Much is still unknown about the aetiopathogenesis of Behçet’s disease, although genetic, infectious, and autoimmune components are all believed to be involved.

The distribution and wide variation in relative risk of HLA-B51 is well documented and appears to support the presence of other, non-genetic risk factors for Behçet’s disease.1 The contribution of HLA-B51 to the overall genetic susceptibility to Behçet’s disease is estimated to be less than 20%.2 It is not certain if HLA-B51 has a direct role in the pathogenesis of Behçet’s disease, or whether this association reflects linkage disequilibrium with a closely located gene. The association of the *009 and A6 MHC class 1 related gene A (MIC-A) alleles with Behçet’s disease is due to linkage with HLA B51 and implies that HLA B51 itself is associated with the disease.3 Analysis of the segment between the TNF and HLA-B loci revealed a strong, perhaps primary,4 association of Behçet’s disease with MIC-A, which is expressed in fibroblast, monocytes, epithelial, and endothelial cells.5,6 This gene codes for a non-classic HLA class I protein induced by stress which probably has an important role in the destruction of cells targeted by γδT cells.7 Bacterial infection upregulates MIC-A expression on cell surfaces, enhancing TCR dependent activation of Vγ2Vδ2 T cells by non-peptide antigens.8

Genetic susceptibility may lead to a primed, antigen driven immune response, which in an unbalanced state manifests itself as Behçet’s disease.9,10

Infection has long been thought to be a contributory factor in the aetiology of Behçet’s disease; some candidate antigens include those derived from streptococci,11 staphylococci,12 mycobacteria,13 and herpes simplex virus.14,15 A common denominator in the form of microbial heat shock protein (HSP), which shows significant homology with human mitochondrial HSP has been suggested.16 HSP derived peptides which specifically stimulate T cell responses in Behçet’s disease, have been used to induce uveitis in animal models.17,18 γδT cells are essential for the maintenance of mucosal immunity.

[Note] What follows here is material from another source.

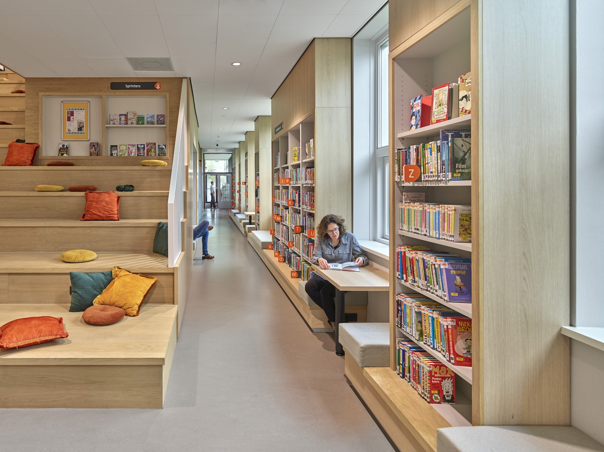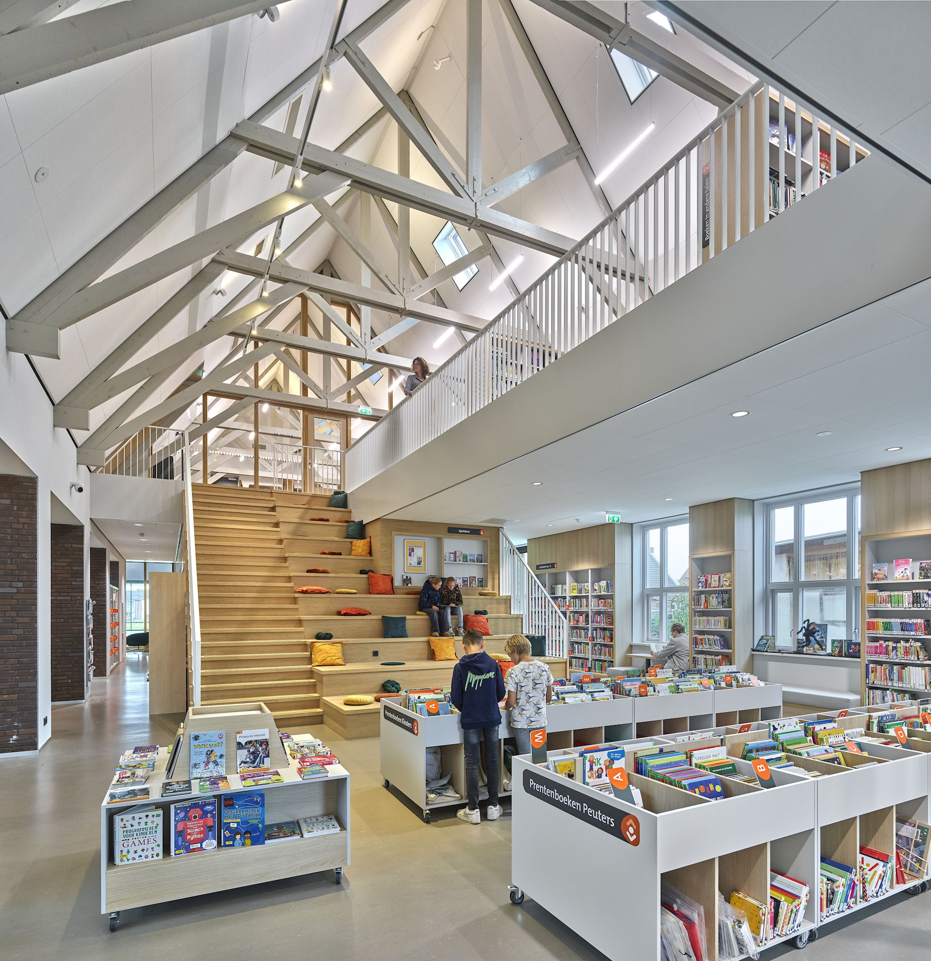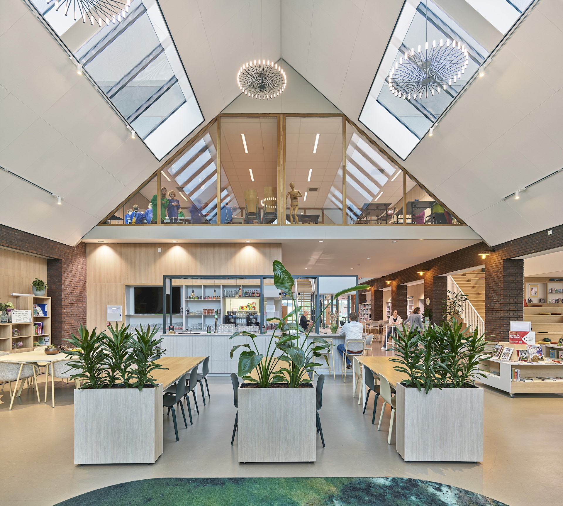 Dankzij de transparante voorgevel krijgen voorbijgangers vanaf de Kerkstraat prachtig zicht op de sfeervolle bijeenkomstruimte. In deze mix van café en bibliotheek lopen inwoners spontaan binnen voor een kopje koffie of het lenen van een boek. Samen met een gezellig terras aan de Kerkstraat geeft deze transparante voorgevel het dorpshuis een uitnodigend karakter. De mooie detaillering, de ornamenten en het ambachtelijk metselwerk gecombineerd met de houten luiken en lamellen zorgen voor warmte en sfeer. Aangelicht in de avonduren is het een pareltje aan de Kerkstraat!

They are involved in the early response to microbial and autologous antigen and can become Th1 and Th2 type cells; they are stimulated by Behçet’s disease specific HSPs and increased in active Behçet’s disease.9,19 It is suggested that the T cells taken from the Behçet’s disease patients were primed to respond to bacterial antigen.9,10 High levels of γδT cells have been detected in the intraocular fluids of Behçet’s disease patients with uveitis.20

Lehner has postulated that microbial infection induced stress upregulates HSP 65 and MIC-A gene products which stimulate γδ and αβT cell receptor positive cells to generate effector and suppressor T cells, leading to pathological changes consistent with Behçet’s disease in HLA-B51 or related subjects.21

Th1 cells secrete IL-2 and IFN-γ, activate macrophages, and elicit delayed hypersensitivity reactions. Th2 cells produce IL-4, IL-5, and IL-10 and suppress cell mediated immunity. These cytokines perform a cross regulatory function between the Th1 and Th2 subsets. This cross regulation and the Th1/Th2 balance is thought to be important in the regulation of autoimmune diseases such as Behçet’s.22,23 Th1 cells are autopathogenic factors, whereas Th2 cells with the same antigen specificity oppose the development and progression of disease.23,24 A strong Th1 immune response occurs in active Behçet’s disease (a useful marker of Behçet’s disease activity), where IL-12 prevents spontaneous and Fas induced cell death, leading to the abnormal growth of autoreactive Th1 cells and the prolongation of the inflammatory autoimmune condition of Behçet’s disease.22

It is interesting to note that statins may be useful in Th1 mediated autoimmune diseases. Atorvastatin was found to promote a Th2 bias in CNS autoimmune disease25 and, more recently, simvastatin was demonstrated to suppress Th1 cellular and immune responses in an inflammatory arthritis model.26

T-bet is a specific T-box transcription factor that initiates Th1 development from naive Th cells by activating Th1 genetic programmes and repressing opposing Th2 programmes; additionally T-bet can reprogramme a committed population of fully polarised Th2 cells into the Th1 phenotype.27

Th1 cell development involves IFN-γ signalling through signal transducer and activator of transcription 1 (STAT1) and IL-12 signalling through STAT4. T-bet is induced by IFN-γ and STAT1 signalling during T cell activation; in addition T-bet mediates STAT1 dependent processes of Th1 development including the induction of IL12Rβ2,28 and is required for the optimal production of IFN-γ and antigen specific T cell activation by dendritic cells.29

In this issue of the BJO (p 000), Li et al have reported that Behçet’s disease is associated with an upregulation of T-bet; the presence of this transcription factor is significant in autoimmune disease. T-bet may be an immunomodulatory target at which to aim, in order to rebalance an aberrant immune system such as that found in Behçet’s disease.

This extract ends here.